_What is expected_.
Your answer must consist of exactly the lines below, starting with the line with "Образец приказа о" and going on through the line with "Pole Słoneczników, Dziewczyna, Parasol", and nothing else.

_Records for this exercise_.
────

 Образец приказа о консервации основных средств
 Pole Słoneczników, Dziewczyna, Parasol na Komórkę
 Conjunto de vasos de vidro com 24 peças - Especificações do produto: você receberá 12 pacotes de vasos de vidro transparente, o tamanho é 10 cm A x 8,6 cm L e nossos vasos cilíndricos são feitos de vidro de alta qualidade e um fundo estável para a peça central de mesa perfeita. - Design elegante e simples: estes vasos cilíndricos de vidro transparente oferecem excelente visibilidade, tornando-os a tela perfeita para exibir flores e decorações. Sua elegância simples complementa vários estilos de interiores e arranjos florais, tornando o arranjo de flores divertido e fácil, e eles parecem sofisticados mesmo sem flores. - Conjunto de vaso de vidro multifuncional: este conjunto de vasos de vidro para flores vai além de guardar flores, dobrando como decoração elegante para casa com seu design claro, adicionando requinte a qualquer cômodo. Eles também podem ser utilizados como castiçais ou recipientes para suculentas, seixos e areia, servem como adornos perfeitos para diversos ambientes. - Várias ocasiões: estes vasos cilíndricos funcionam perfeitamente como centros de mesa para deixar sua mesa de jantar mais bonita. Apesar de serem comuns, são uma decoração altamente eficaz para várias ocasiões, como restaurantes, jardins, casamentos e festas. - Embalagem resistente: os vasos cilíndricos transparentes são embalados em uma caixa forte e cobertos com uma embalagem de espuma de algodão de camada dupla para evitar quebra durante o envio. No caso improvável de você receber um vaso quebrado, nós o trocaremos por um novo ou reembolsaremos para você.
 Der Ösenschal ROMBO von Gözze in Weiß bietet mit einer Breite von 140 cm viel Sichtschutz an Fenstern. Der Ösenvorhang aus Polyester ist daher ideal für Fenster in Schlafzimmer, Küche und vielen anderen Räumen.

────

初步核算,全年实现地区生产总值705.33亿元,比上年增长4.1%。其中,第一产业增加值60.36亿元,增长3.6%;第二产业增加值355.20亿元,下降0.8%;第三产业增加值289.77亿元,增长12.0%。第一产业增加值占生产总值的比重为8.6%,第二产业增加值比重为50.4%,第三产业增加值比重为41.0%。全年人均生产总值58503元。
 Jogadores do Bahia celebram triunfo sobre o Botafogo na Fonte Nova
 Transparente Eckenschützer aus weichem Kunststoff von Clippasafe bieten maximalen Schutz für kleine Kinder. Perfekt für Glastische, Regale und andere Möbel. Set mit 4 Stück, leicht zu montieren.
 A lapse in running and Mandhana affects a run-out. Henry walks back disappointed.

────

_Task output_.
 Образец приказа о консервации основных средств
 Pole Słoneczników, Dziewczyna, Parasol na Komórkę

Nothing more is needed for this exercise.